Saved data entries:
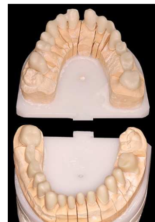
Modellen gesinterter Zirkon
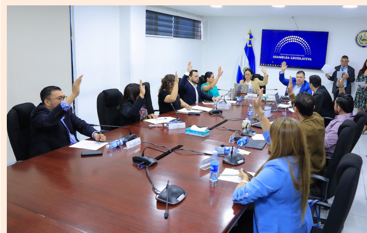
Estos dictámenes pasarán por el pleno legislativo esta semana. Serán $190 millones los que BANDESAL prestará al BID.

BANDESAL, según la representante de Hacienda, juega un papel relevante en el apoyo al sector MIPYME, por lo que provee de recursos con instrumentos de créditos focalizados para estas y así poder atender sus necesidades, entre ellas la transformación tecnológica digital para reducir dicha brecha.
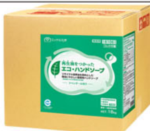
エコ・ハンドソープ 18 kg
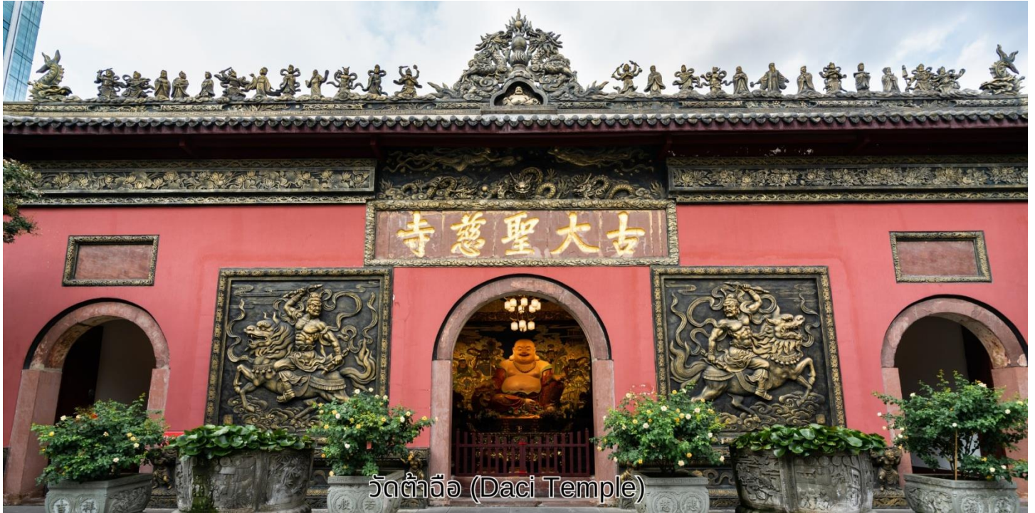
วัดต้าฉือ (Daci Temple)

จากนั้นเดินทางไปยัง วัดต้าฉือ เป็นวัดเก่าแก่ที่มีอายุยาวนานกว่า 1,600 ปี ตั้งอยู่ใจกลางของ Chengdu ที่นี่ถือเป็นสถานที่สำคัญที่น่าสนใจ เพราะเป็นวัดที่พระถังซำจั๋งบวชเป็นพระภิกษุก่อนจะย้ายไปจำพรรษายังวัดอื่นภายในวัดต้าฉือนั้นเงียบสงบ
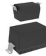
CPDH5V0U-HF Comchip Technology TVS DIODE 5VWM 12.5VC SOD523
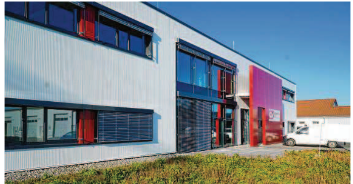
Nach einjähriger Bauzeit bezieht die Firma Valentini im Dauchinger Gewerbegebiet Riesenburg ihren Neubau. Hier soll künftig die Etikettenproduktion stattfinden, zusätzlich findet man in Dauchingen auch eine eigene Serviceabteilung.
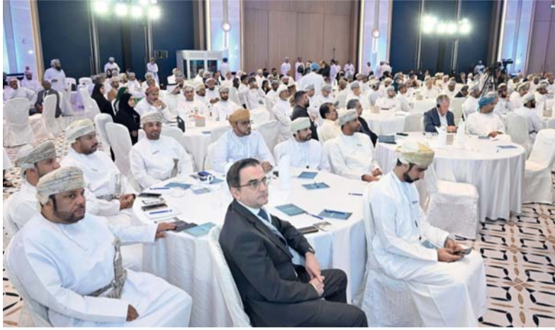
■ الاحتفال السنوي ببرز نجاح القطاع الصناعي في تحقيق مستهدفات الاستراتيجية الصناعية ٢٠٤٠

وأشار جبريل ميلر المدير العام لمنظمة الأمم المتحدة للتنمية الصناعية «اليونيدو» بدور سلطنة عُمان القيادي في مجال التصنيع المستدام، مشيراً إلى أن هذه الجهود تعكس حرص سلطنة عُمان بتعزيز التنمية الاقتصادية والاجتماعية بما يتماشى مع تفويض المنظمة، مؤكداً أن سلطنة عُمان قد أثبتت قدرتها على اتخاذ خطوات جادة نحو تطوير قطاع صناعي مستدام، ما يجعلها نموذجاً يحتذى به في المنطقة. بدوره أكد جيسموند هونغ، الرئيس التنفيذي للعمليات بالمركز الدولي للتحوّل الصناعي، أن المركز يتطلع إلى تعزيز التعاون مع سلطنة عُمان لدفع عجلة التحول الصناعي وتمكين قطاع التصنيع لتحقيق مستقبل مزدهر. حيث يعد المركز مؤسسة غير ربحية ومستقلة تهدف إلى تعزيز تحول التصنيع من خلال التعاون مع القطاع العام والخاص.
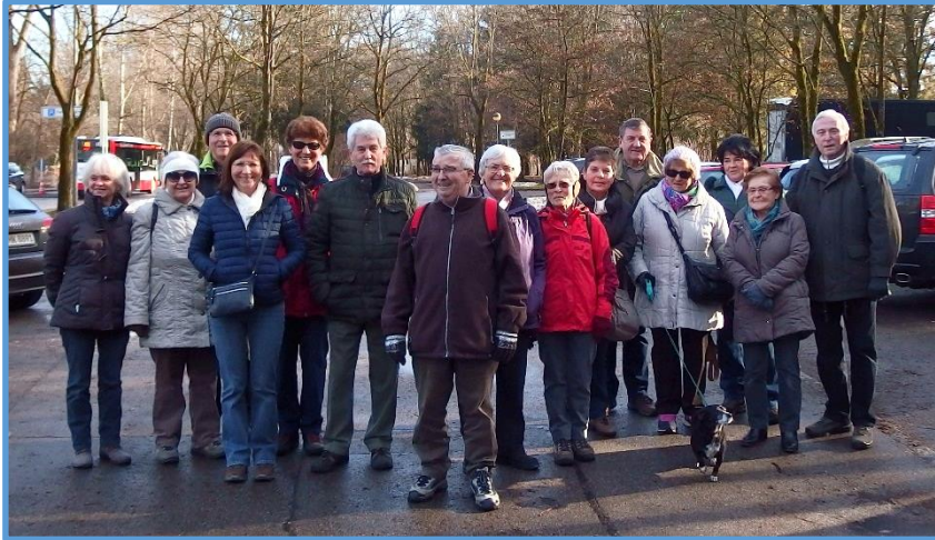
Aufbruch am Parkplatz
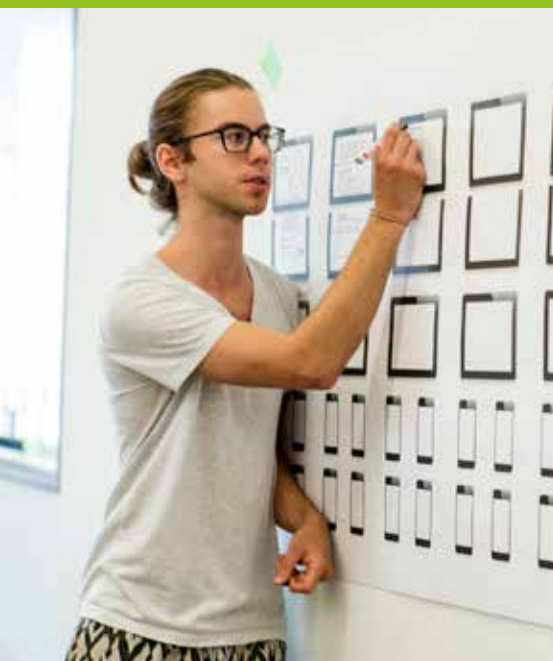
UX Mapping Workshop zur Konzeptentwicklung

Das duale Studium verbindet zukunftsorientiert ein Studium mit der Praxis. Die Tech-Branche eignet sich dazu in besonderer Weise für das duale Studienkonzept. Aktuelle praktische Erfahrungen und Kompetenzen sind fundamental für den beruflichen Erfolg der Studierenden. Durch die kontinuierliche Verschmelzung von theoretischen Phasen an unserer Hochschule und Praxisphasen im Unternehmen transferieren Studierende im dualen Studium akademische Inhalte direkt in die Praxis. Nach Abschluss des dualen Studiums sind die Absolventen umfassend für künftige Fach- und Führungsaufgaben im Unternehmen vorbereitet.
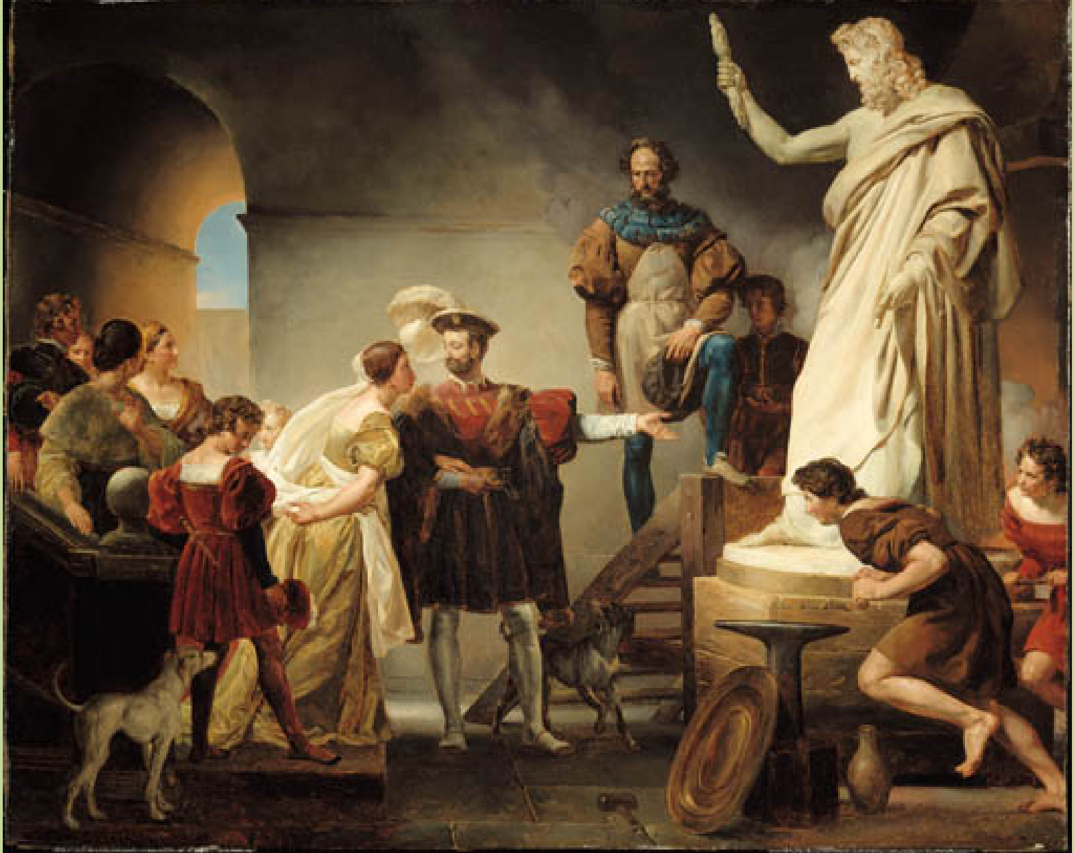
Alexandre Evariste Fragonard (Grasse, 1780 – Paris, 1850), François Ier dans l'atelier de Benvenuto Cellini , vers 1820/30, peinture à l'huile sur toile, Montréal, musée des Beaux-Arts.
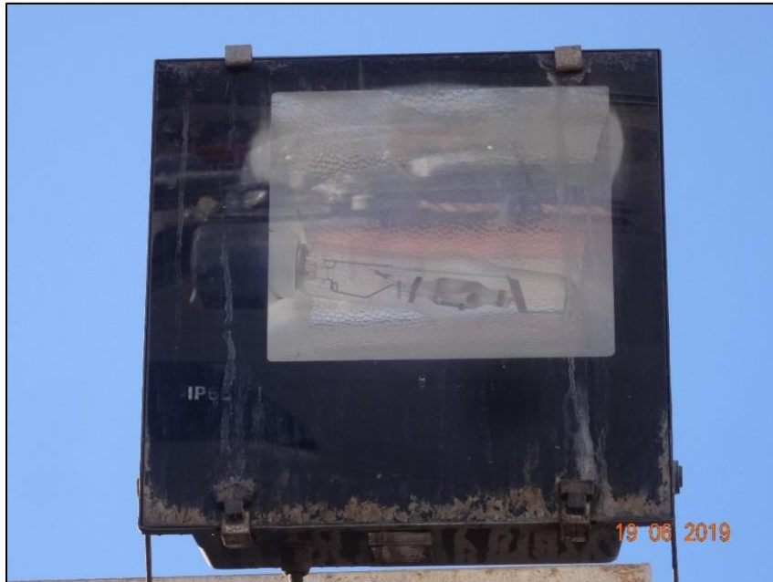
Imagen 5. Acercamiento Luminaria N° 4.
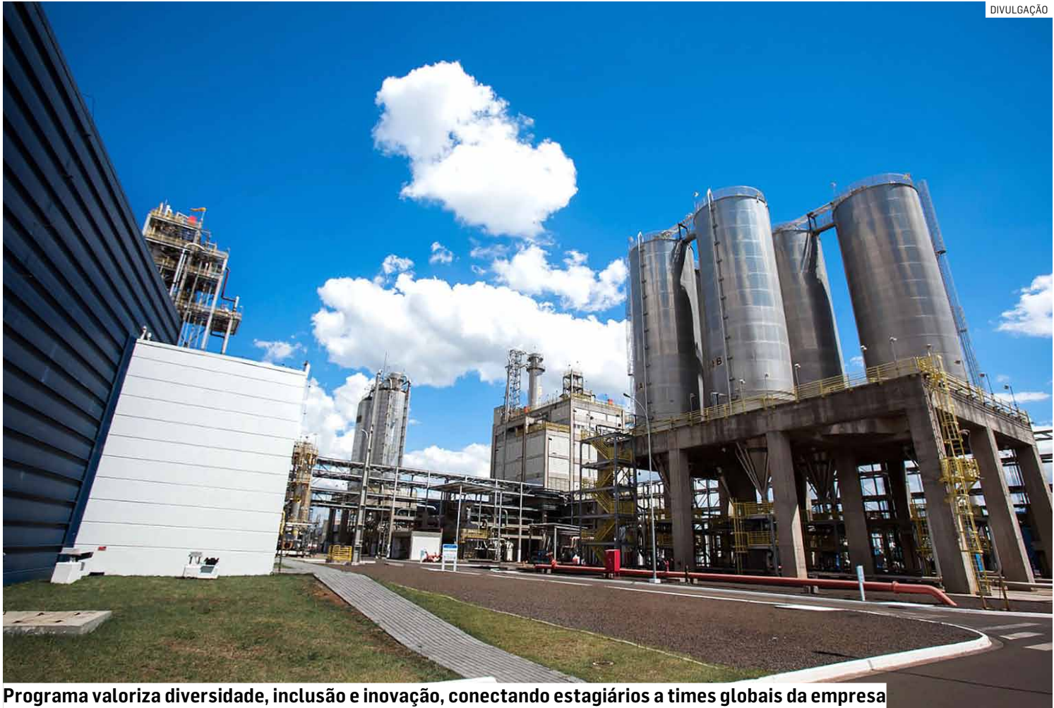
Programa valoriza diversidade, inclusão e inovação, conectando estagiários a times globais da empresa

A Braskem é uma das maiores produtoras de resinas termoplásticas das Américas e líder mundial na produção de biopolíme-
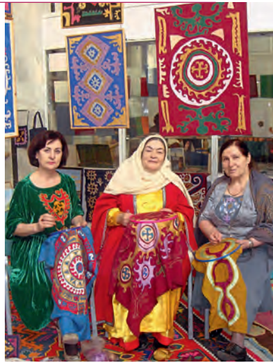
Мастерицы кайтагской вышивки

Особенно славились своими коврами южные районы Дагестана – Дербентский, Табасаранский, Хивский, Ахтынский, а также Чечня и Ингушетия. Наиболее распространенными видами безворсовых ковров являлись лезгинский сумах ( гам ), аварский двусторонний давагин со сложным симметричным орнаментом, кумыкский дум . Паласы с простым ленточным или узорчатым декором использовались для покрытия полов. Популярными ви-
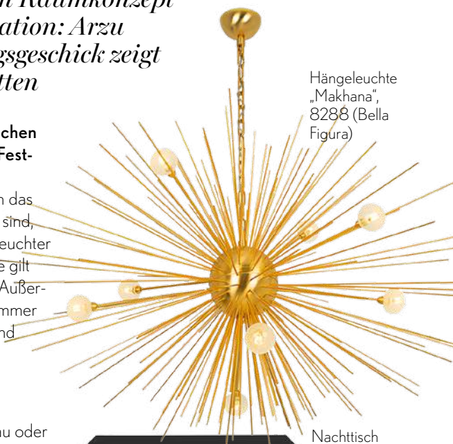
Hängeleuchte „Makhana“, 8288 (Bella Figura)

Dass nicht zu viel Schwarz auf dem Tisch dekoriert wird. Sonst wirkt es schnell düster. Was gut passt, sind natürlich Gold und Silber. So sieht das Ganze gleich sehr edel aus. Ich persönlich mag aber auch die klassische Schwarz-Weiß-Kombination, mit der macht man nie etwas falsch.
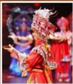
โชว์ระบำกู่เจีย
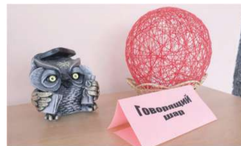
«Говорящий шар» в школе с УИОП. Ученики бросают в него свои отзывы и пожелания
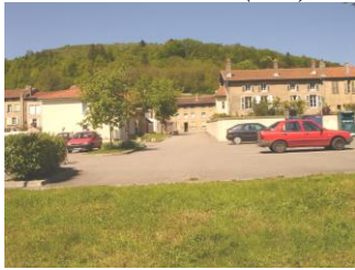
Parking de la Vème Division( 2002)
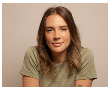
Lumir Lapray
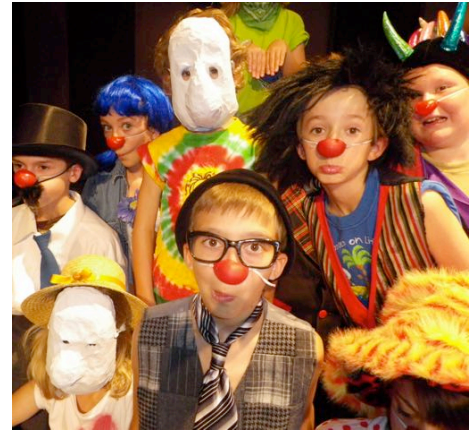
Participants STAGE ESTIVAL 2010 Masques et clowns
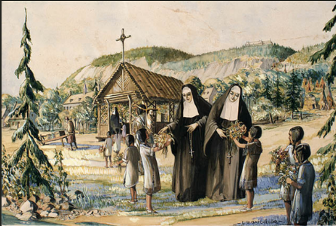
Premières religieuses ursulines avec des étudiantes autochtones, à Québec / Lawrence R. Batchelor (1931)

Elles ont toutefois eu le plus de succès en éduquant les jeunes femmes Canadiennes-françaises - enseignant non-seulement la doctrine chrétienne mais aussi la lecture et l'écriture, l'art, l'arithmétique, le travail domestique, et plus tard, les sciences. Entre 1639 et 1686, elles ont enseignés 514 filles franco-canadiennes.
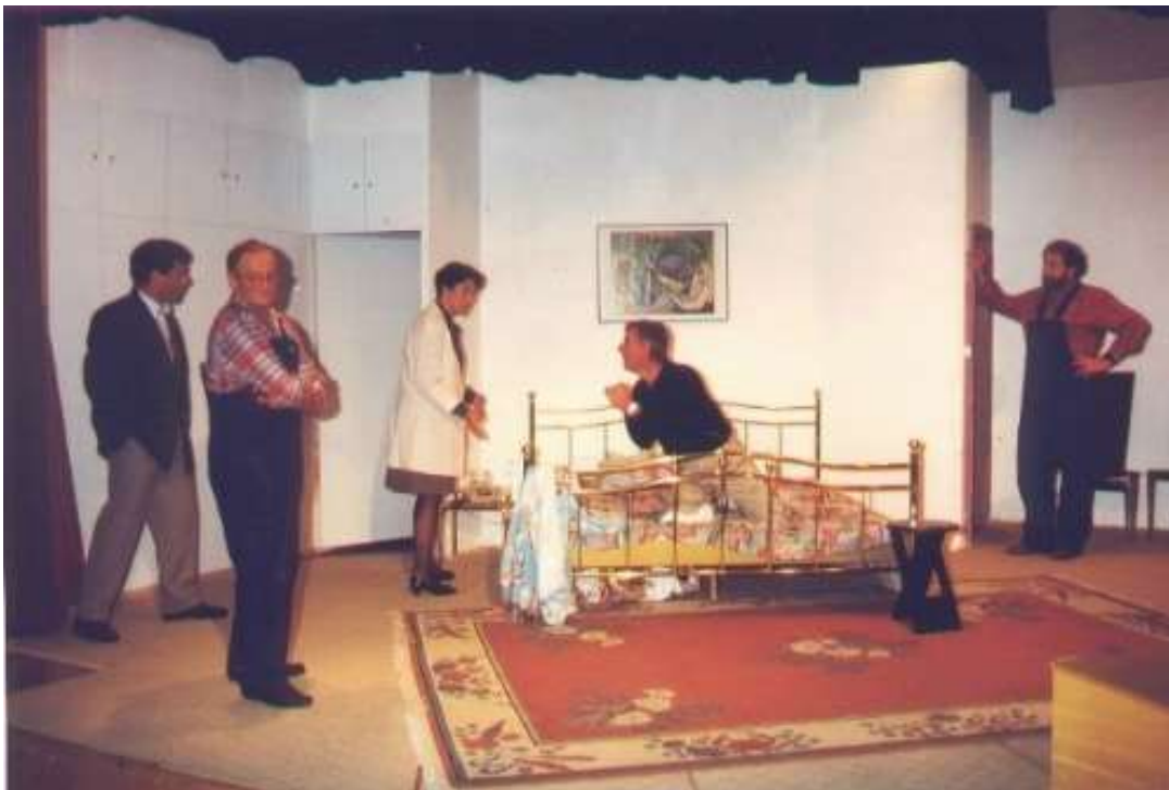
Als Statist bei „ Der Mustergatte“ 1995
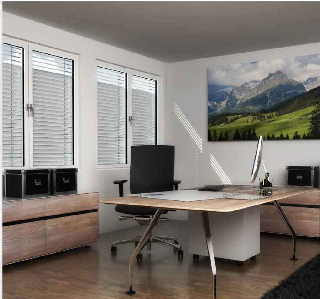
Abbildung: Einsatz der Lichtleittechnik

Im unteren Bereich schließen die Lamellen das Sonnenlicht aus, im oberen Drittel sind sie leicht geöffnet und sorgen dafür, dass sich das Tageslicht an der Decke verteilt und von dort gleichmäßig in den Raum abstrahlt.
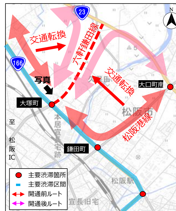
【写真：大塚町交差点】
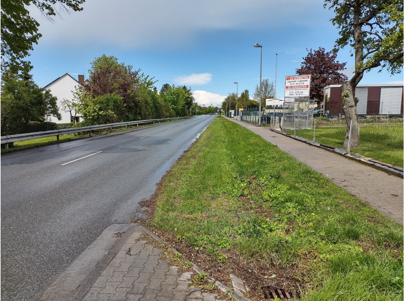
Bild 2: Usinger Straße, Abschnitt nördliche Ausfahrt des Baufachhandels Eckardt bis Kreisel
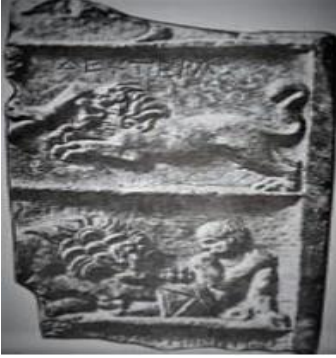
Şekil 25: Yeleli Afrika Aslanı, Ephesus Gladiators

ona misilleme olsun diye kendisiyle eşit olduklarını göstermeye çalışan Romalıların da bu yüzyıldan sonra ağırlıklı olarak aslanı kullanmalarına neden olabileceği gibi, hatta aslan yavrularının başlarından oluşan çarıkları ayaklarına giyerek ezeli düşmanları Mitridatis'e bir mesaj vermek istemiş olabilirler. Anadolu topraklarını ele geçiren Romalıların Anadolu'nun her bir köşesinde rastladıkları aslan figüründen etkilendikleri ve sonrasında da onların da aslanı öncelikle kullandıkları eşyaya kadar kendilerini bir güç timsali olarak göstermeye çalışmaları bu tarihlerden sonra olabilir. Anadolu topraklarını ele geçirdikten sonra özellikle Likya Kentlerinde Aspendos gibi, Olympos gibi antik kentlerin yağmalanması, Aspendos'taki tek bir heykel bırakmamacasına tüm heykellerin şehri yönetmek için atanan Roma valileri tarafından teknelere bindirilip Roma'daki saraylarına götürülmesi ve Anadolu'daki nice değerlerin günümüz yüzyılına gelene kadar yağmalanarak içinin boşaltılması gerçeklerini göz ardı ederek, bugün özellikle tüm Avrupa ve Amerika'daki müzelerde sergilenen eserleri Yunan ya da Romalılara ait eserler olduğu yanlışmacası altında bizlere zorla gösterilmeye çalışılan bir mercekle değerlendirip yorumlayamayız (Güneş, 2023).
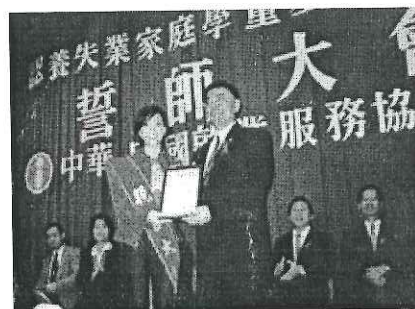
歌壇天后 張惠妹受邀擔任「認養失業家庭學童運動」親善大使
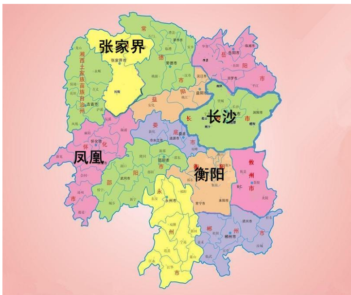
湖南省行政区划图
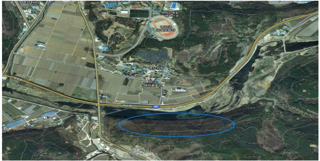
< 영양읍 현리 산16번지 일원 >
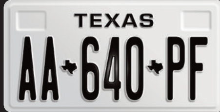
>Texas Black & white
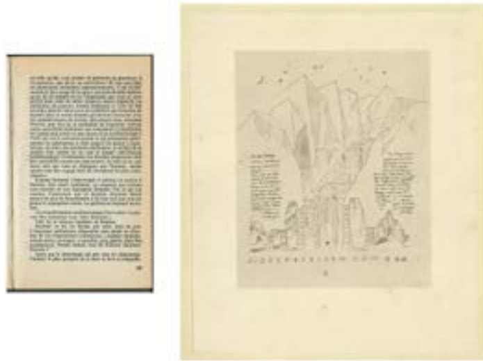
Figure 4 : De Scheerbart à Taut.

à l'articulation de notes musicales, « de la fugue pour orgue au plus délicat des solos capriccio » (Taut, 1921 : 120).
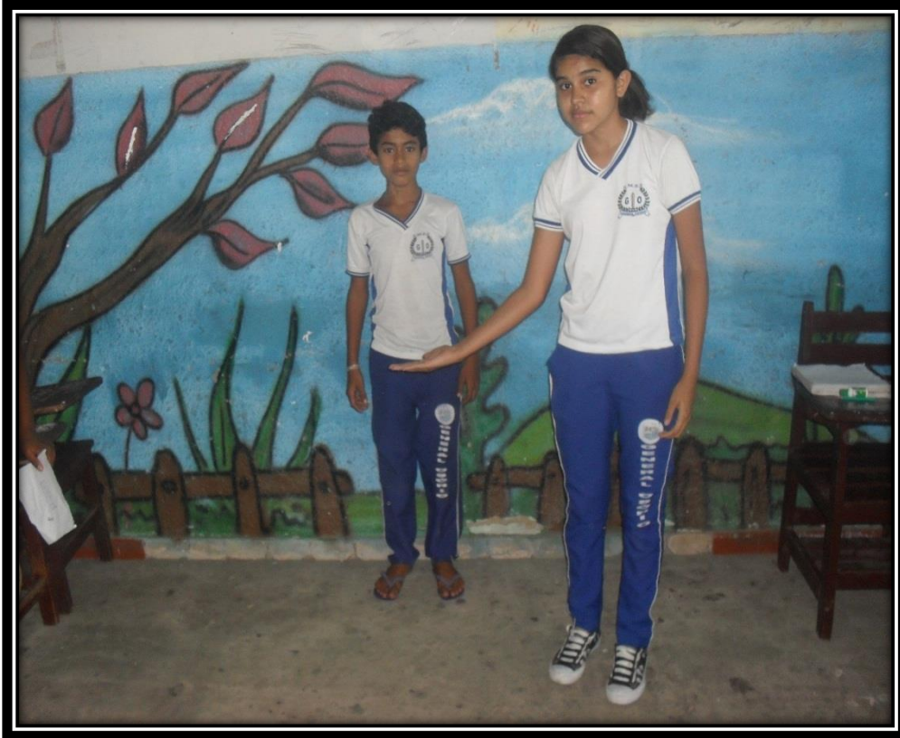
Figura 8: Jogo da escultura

Your goal: Restate the lines above from the one containing "Nach einjähriger Bauzeit" through the one containing "UX Mapping Workshop zur Konzeptentwicklung", inclusive, exactly and without pictures.

Output for this exercise:
Nach einjähriger Bauzeit bezieht die Firma Valentini im Dauchinger Gewerbegebiet Riesenburg ihren Neubau. Hier soll künftig die Etikettenproduktion stattfinden, zusätzlich findet man in Dauchingen auch eine eigene Serviceabteilung.
■ الاحتفال السنوي ببرز نجاح القطاع الصناعي في تحقيق مستهدفات الاستراتيجية الصناعية ٢٠٤٠

وأشار جبريل ميلر المدير العام لمنظمة الأمم المتحدة للتنمية الصناعية «اليونيدو» بدور سلطنة عُمان القيادي في مجال التصنيع المستدام، مشيراً إلى أن هذه الجهود تعكس حرص سلطنة عُمان بتعزيز التنمية الاقتصادية والاجتماعية بما يتماشى مع تفويض المنظمة، مؤكداً أن سلطنة عُمان قد أثبتت قدرتها على اتخاذ خطوات جادة نحو تطوير قطاع صناعي مستدام، ما يجعلها نموذجاً يحتذى به في المنطقة. بدوره أكد جيسموند هونغ، الرئيس التنفيذي للعمليات بالمركز الدولي للتحوّل الصناعي، أن المركز يتطلع إلى تعزيز التعاون مع سلطنة عُمان لدفع عجلة التحول الصناعي وتمكين قطاع التصنيع لتحقيق مستقبل مزدهر. حيث يعد المركز مؤسسة غير ربحية ومستقلة تهدف إلى تعزيز تحول التصنيع من خلال التعاون مع القطاع العام والخاص.
Aufbruch am Parkplatz
UX Mapping Workshop zur Konzeptentwicklung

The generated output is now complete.